Conceptual Thought, Abstraction and Reasoning with Models

When considering any system for the purpose of inquiry, be it from deductive or inductive processes, a central component of the actual mechanism of consideration tends to be abstraction. By this, I mean that when one ‘considers’ a system in such a way that new information can be produced via inquiry, they are actually considering an abstraction, with the relevant characteristics of said abstraction being analogous in some way to the original system.

While this is often recognized as a crucial part of the thought process involved in making positive intellectual contributions to any discipline, the actual process and mechanism of abstraction at the conception level is often whisked away as something that can only be accounted for by referring to such nebulous notions such as intuition and induction. While I do sincerely believe that much progress has been made, philosophically at least, in the grounding of these terms on much more stable and explicit intellectual grounds, I think it is completely misguided to explain the process of abstraction as something wholly dependent on these subprocesses.
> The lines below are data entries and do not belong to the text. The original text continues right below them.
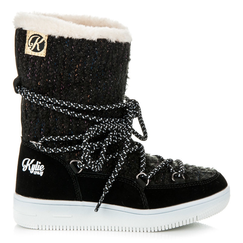 Kylie - Fekete téli gyerekcipő fehér talppal
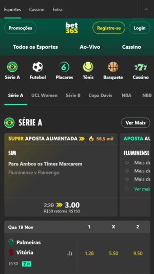 Muito conhecida entre os fãs de bets, a bet365 também cobre boa parte dos campeonatos brasileiros. Isso inclui o Paranaense e o Campeonato Carioca, com mercados pré-jogo e ao vivo disponíveis durante os torneios.
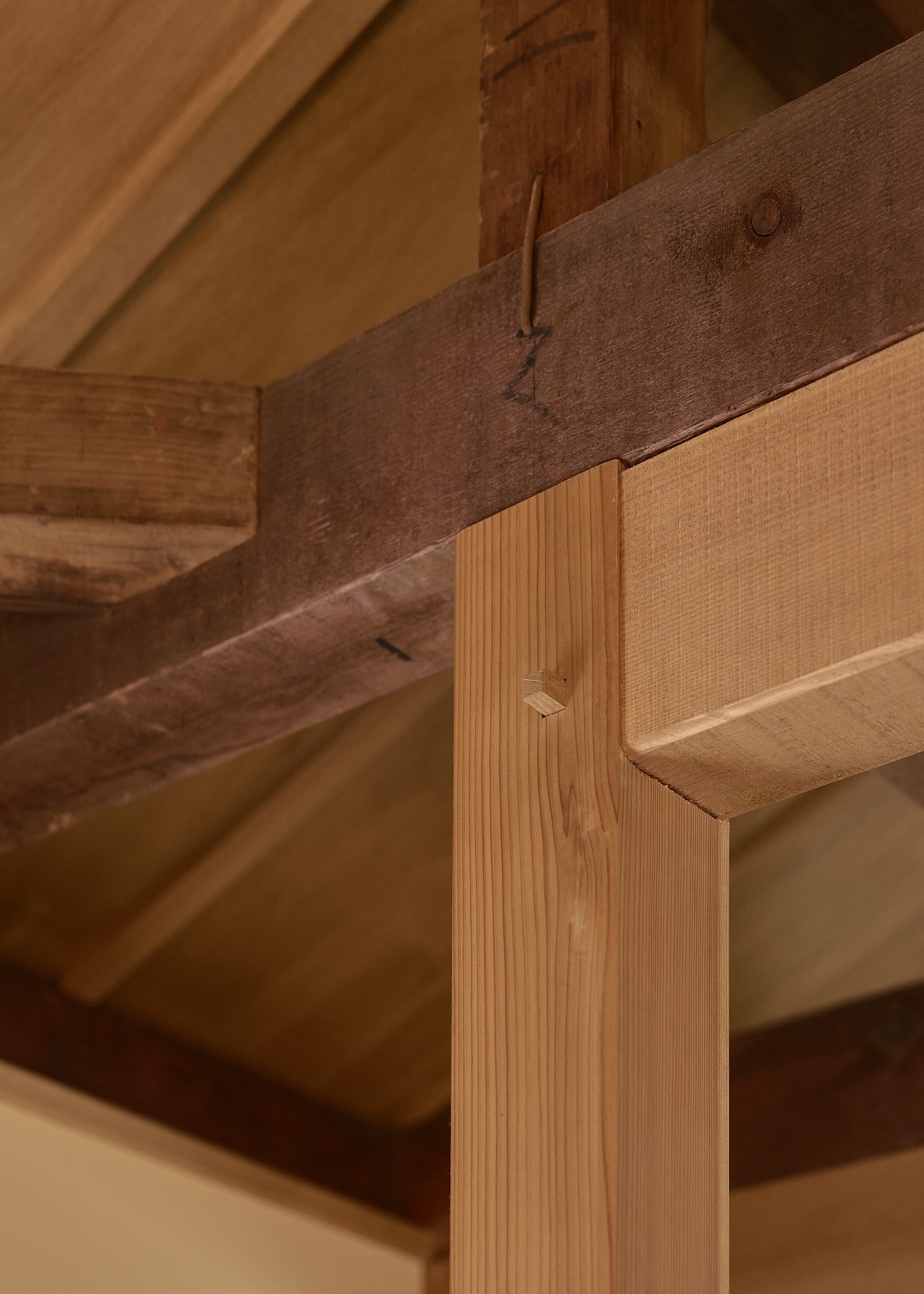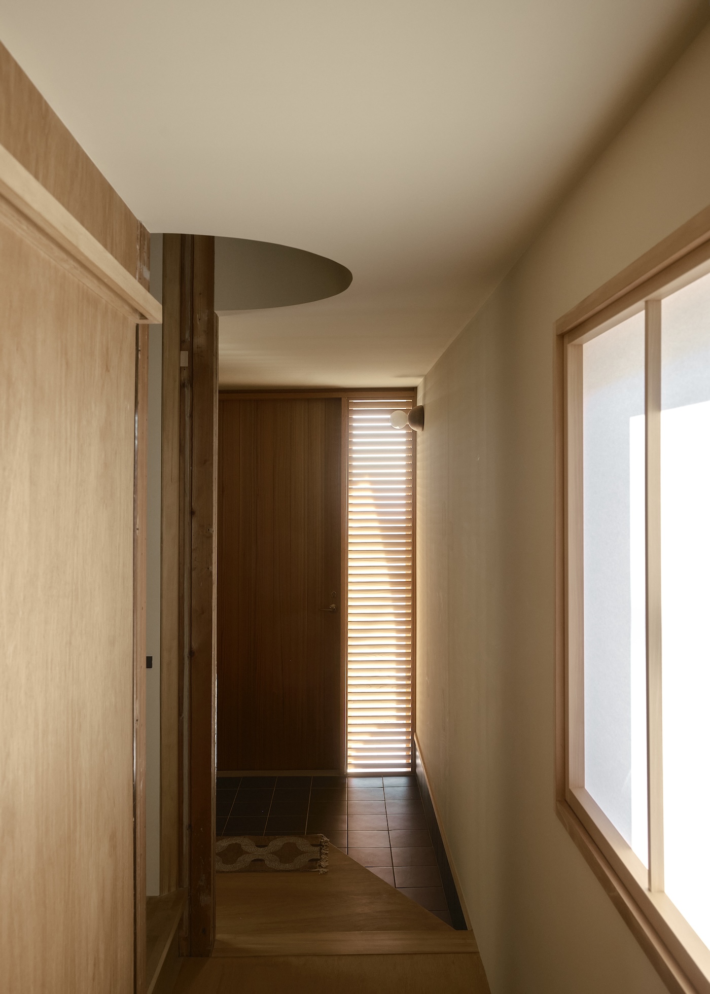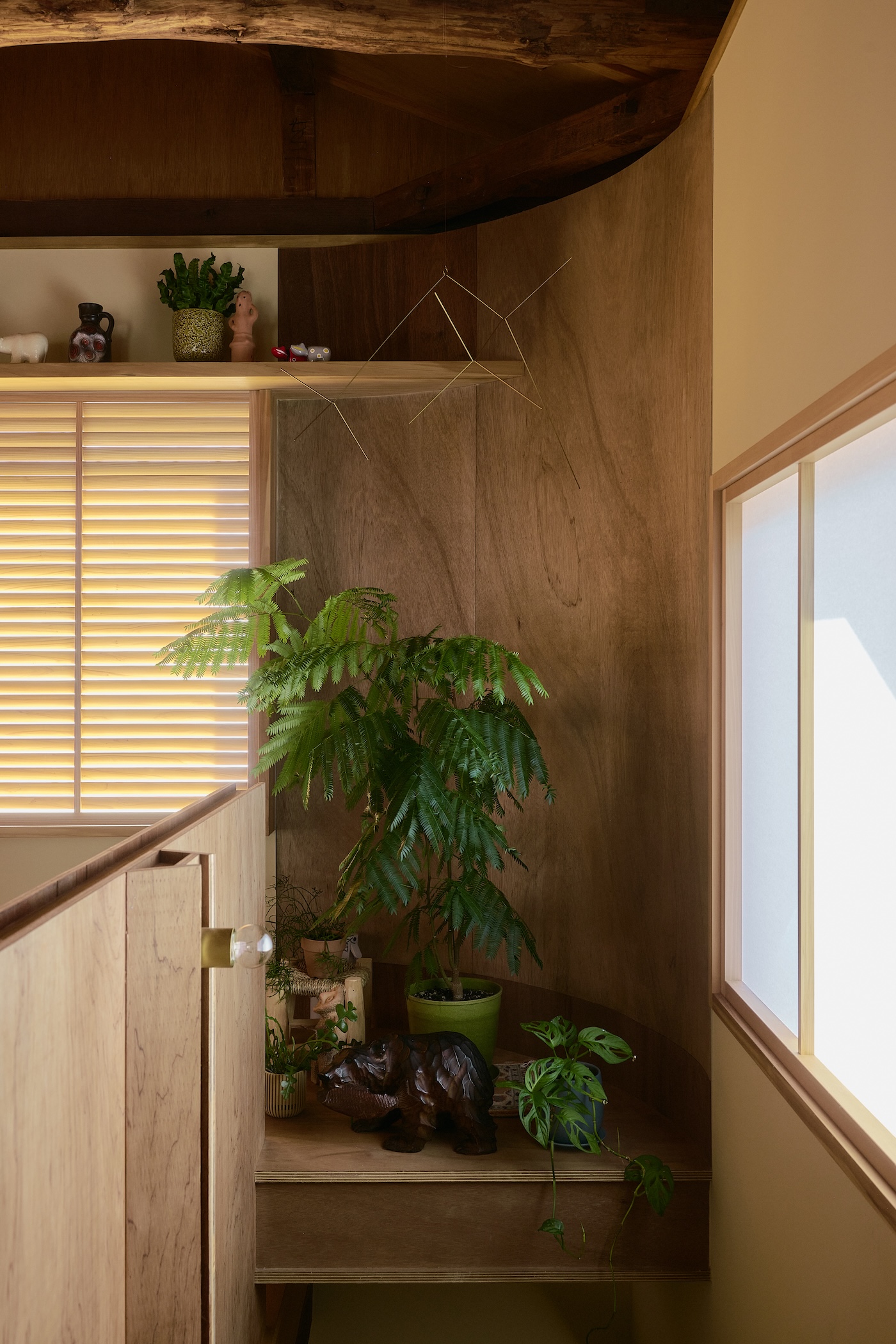 The instability of the old house such as its log beams and tilted structure, resonates with newly added curves and diagonal lines, as well as the free-form shapes of the homeowner’s furniture, softening the house’s linear, industrial feel, giving it an overall organic presence. The deeply tanned old pillars and beams hold fifty years of the house’s memory. The sliding doors with newly replaced washi paper and the handles from an old chest reused in the kitchen, blur the line between old and new. Sunlight diffuses through Shoji screens and louvers, caressing the curved walls before fading into the depths of the space. The shifting light abstractly connects the scattered elements, dissolving dualisms such as vertical and horizontal, old and new, Japanese and Western, light and shadow.
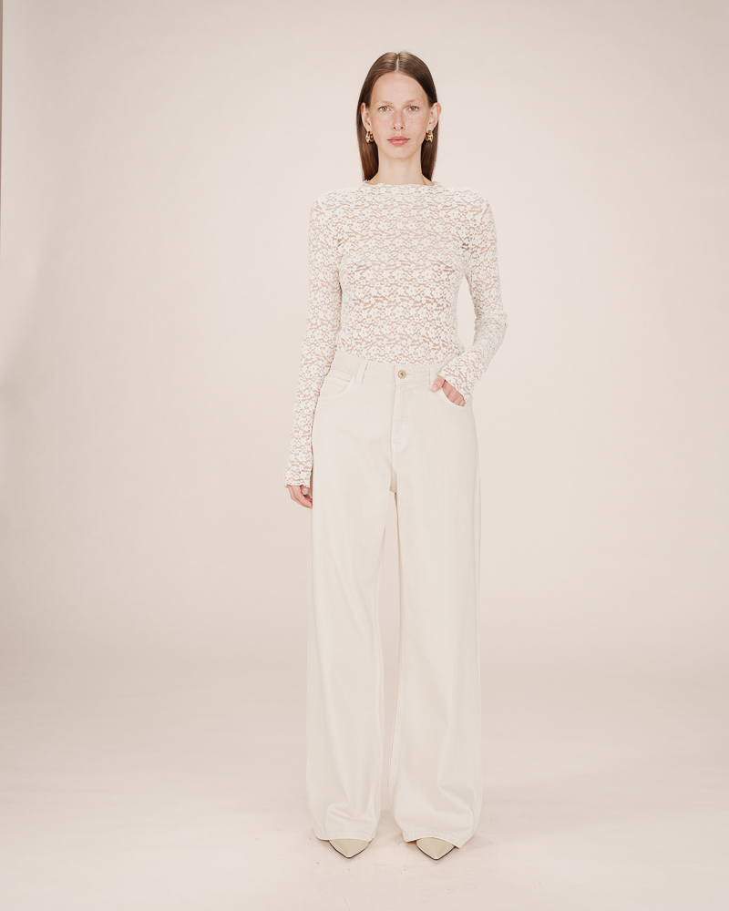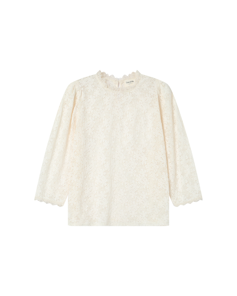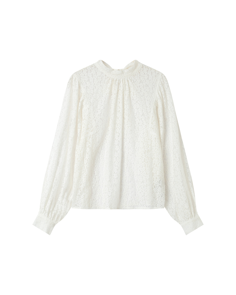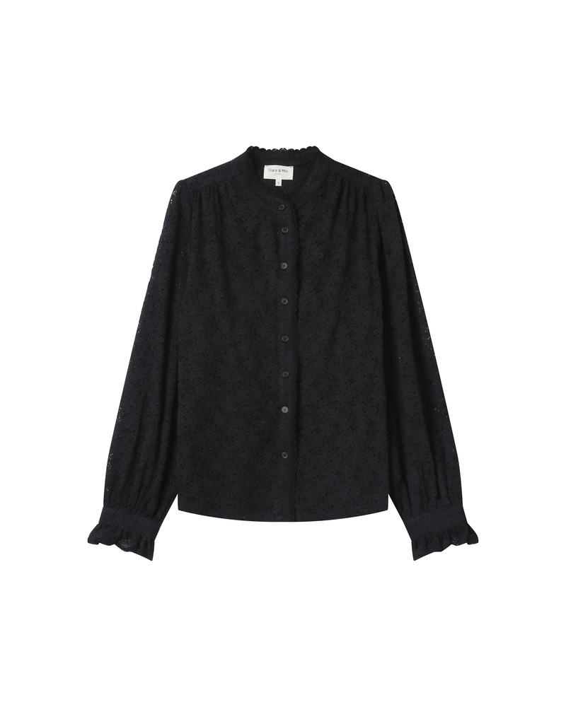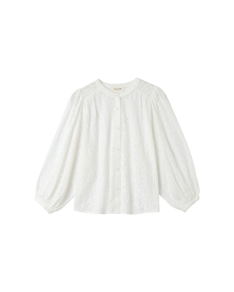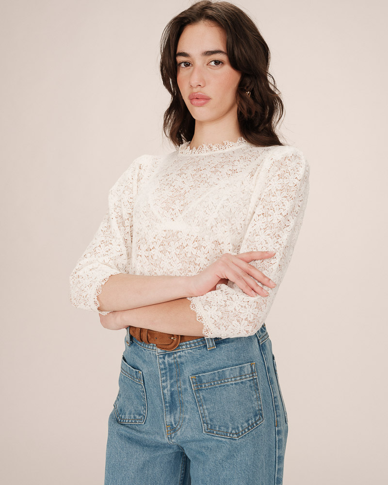 The SOPHIA lace blouse is a romantic piece full of charm. Its relaxed cut contrasts beautifully with delicate gathers and puff sleeves, creating an elegant and structured silhouette. The round neckline, sheer lace, and buttoned cuffs of the SOPHIA long-sleeved blouse offer a boho-chic look full of femininity.
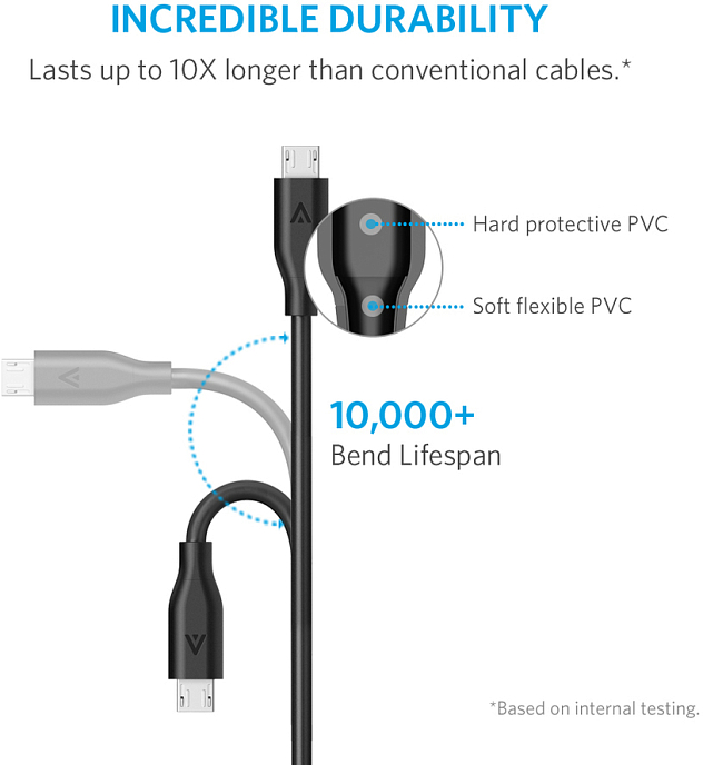 Anker Powerline (A8132H12) представляет собой кабель для зарядки и синхронизации любых устройств, оснащенных разъемом microUSB. С ним вы сможете заряжать мобильные девайсы от вашего компьютера, ноутбука или сетевого зарядного устройства. Исследования, проведенные производителем, показали, что кабель выдерживает более 5000 циклов сгибания/разгибания без потери работоспособности.
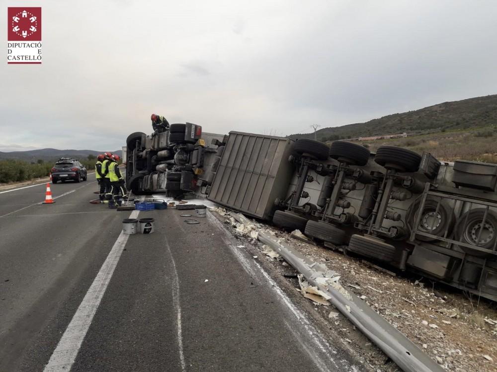 Una fuga de combustible que se ha producido tras el accidente sufrido por un camión.
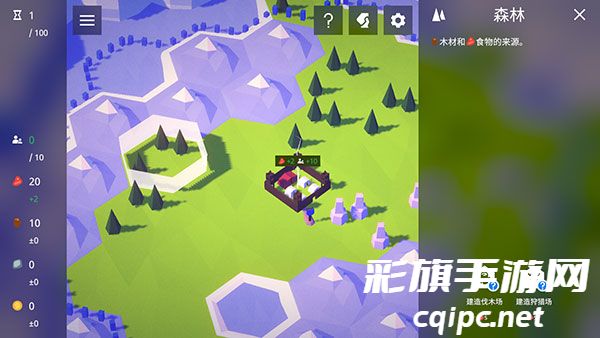 6、点击以解锁的地块,可以安排人手前去完成伐木场、狩猎场等设施的建造。
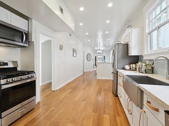 Charming rear courtyardStainless steel appliancesMarble countertopsIn-unit washer and dryerOpen-concept kitchenBamboo wood floors
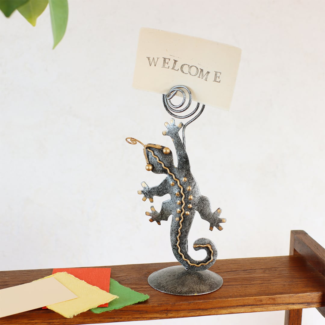 愛嬌たっぷりでかわいいヤモリ(ゲコ)のブリキカードホルダーです。
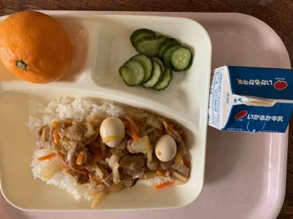 【今日の献立】中華丼 きゅうりの中華あえ みかん 牛乳
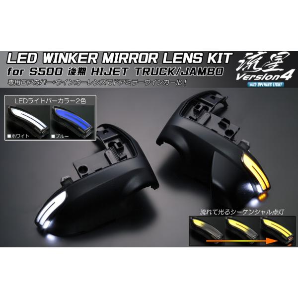 [オープニングライト機能搭載 流星Ver.4] LEDウインカーミラーレンズキット S500系ハイゼットトラック アトレーS700 ライツ(REIZ)
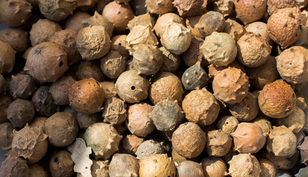 Ceylon oak fruit on black dish (Schleichera oleosa (Lour.) Oken)
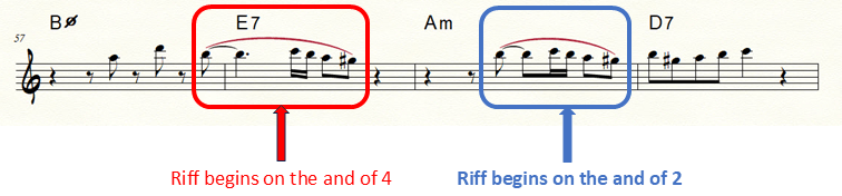 a.) Below is a picture and recording of bars 57-60. They contain a motif which is repeated, but not on the same beat. The first time, the lick starts on the and of beat 4, the second on the and of beat 1. This is called playing “on the other side” (the other side of the beat or bar).
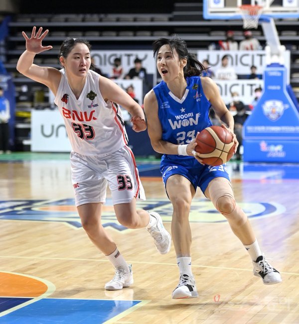 19일 아산이순신체육관에서 열린‘신한은행 SOL 2022~2023 여자프로농구‘ 챔피언결정전 1차전 우리은행과 BNK 썸 경기에서 우리은행 김단비가 BNK의 수비를 뚫고 골밑을 공격하고 있다.
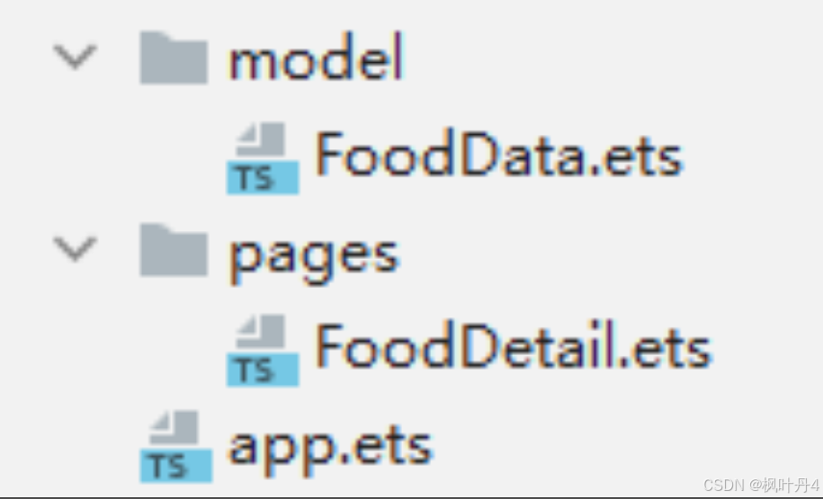 创建页面入口组件为FoodDetail,在FoodDetail中创建Column,设置水平方向上居中对齐 alignItems(HorizontalAlign.Center)。MyComponent组件名改为FoodImageDisplay,为FoodDetail的子组件。
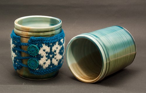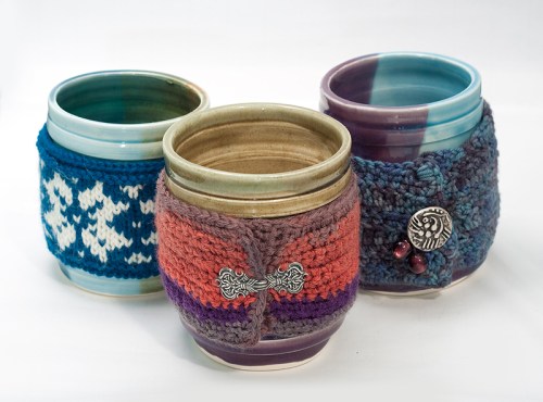 And how do they work you ask? They are lovely, when I filled mine up with hot chocolate the warmth seeped through the clay body and into the cosy. There are no handles and the mugs are definitely comfort-sized, so it’s a two-hander, but a warm and wooly tea cup is the perfect thing to wrap your hands around when coming in from the cold =o) These lovelies will be available at my show next month!
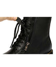 These remarkable chunky boots, inspired by the Marten style, are ideal for everyday attire, effortlessly enhancing dresses, skirts, and shorts. Equipped with a front zipper, these boots are easy to slip into, adding a daring and edgy flair to your outfit.
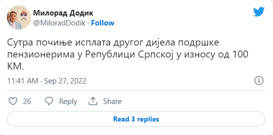 "Sutra počinje isplata drugog dijela podrške penzionerima u Republici Srpskoj u iznosu od 100 KM", naveo je Dodik na Twitteru.
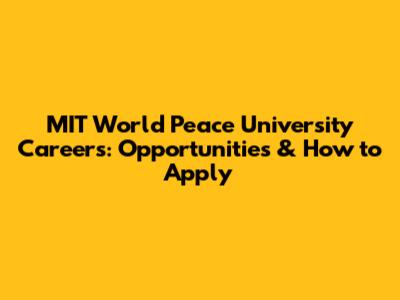 MIT-WPU Careers: Opportunities & How To Apply
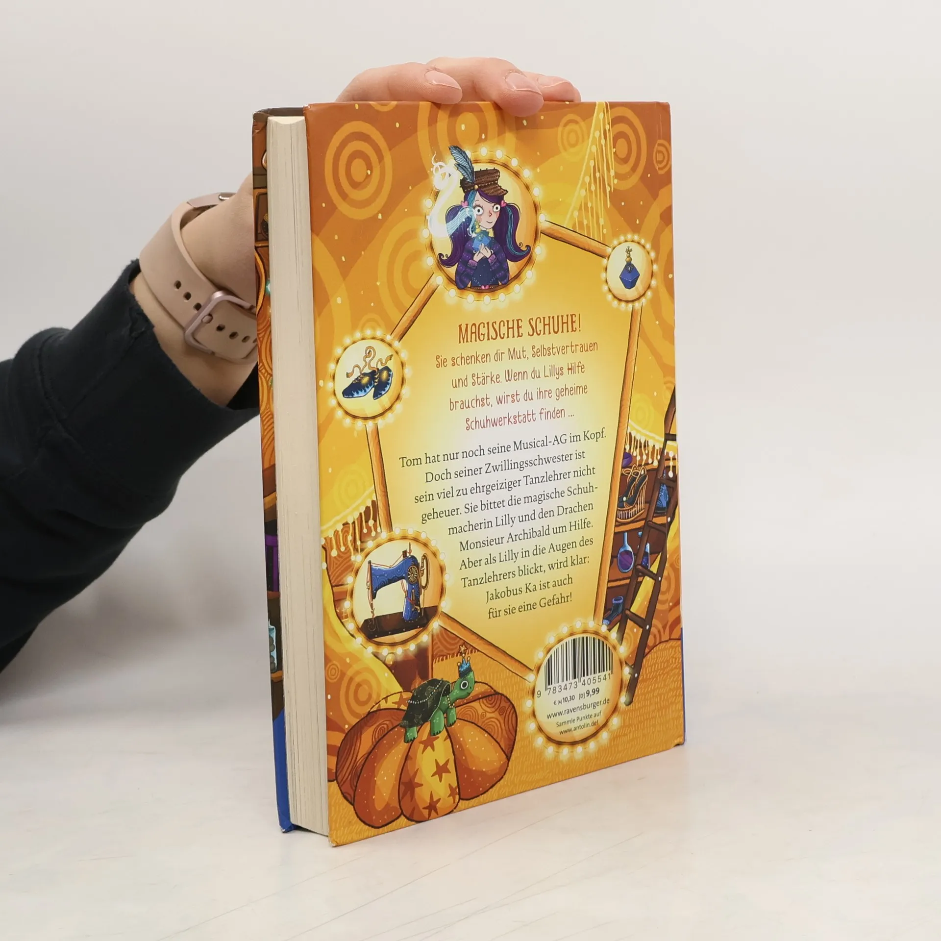 Diese magischen Schuhe schenken dir Mut, Selbstvertrauen und Stärke. Wenn du Lillys Hilfe brauchst, wirst du ihre geheime Schuhwerkstatt finden … Tom hat nur noch seine Musical-AG im Kopf. Seine Zwillingsschwester weiß, dass das Tanzen sein großer Traum ist, aber sie macht sich immer mehr Sorgen um ihn. Sein neuer Tanzlehrer Jakobus Ka ist ihr nicht geheuer. Vielleicht kann die magische Schuhmacherin Lilly Tom aus seinem Bann befreien? Doch als Lilly in die Augen des Tanzlehrers blickt, wird klar: Jakobus Ka ist auch für sie eine große Gefahr! Entdecke alle Abenteuer in der magischen Schuhwerkstatt: Band 1: Die geheime Werkstatt Band 2: Die verbotenen Stiefel Band 3: Die zauberhaften Flügel Band 4: Der tanzende Drache Band 5: Der funkelnde Berg Band 6: Die verschwundene Schildkröte Band 7: Das kostbare Pferd Band 8: Die glitzernde Insel Adventskalender: Das Meer der Wünsche

While the process of abstraction can often be modeled as an infinite series of comparing and contrasting of every individual of a given classification, comparing the presence of relevant data, there is a lot of meaning baked into the the notion of what exactly constitutes ‘relevant data’ or in more conventional words, relevant similarities between individuals. In its most simple form, the relevant similarities can be found through comparing a group of individuals and discarding all properties that distinguish one from the other. Thus the abstract property of whatever was common between the individuals is born. Of course, this presupposes that there is some commonality that all individuals share, and if one squints their eye of reason hard enough then there will always be some commonality to be found, although it may be too generic to be fertile ground for the generation of novel information. Consider a set of red figures, one can discard all distinguishing features: their shape, size, exact hue, etc. etc. Yet, one will still find that there commonality comes from the way in which they had been labeled in the first place (i.e. they are all red, thus they all have color, they all are figures, they all exist), given the assumptions packed into the way in which the individuals under examination are described. However, the abstract idea of redness emerges not from a movement from the specific to the generic, but from the generic to the specific. The abstract conception of redness doesn’t emerge because the figure has a color, but rather the figure has color because of its redness.The fact that this deduction can only logically operate in one direction to discover novel relevant similarities between individuals hints at a certain unidirectionality of the abstractive process.

In fact, some parallels can be drawn between abstraction and the pure (compared to the applied) sciences. Some could even say that we are abstracting the idea of abstraction (haha) to distinguish the differences between scientific inquiry in its applied and pure forms. The distinction can be made that, in the pure sciences, the abstractive process as applied to models, where the neutral analogies are collapsed into either positive or negative form, are the main mode of progression. Through developing models, the actual understanding of the model itself and the physical analogue is represents is advanced. In the applied sciences, on the other hand, the model itself is used for computational, engineering or design purposes. While these usages can certainly reveal novel aspects of the model and the way in which it is applied to various contexts, this second-order development of the understanding of the nature of the model is only a happy byproduct of the process. The product, the thing for which the model was being used as a tool, is the main purpose of the intellectual endeavor. In simpler words, in the pure sciences, the investigation of the model itself is the main objective, where in the applied sciences, the model is only being used as a means for some other end.

This may perhaps be why in the pure sciences, most reasoning happens at the theoretical level, with the few physical analogues that are used only being tangentially applicable (in one or two relevant respects) to the theoretical system itself. Whereas in the applied sciences, the model is used second to direct, empirical information of the system itself.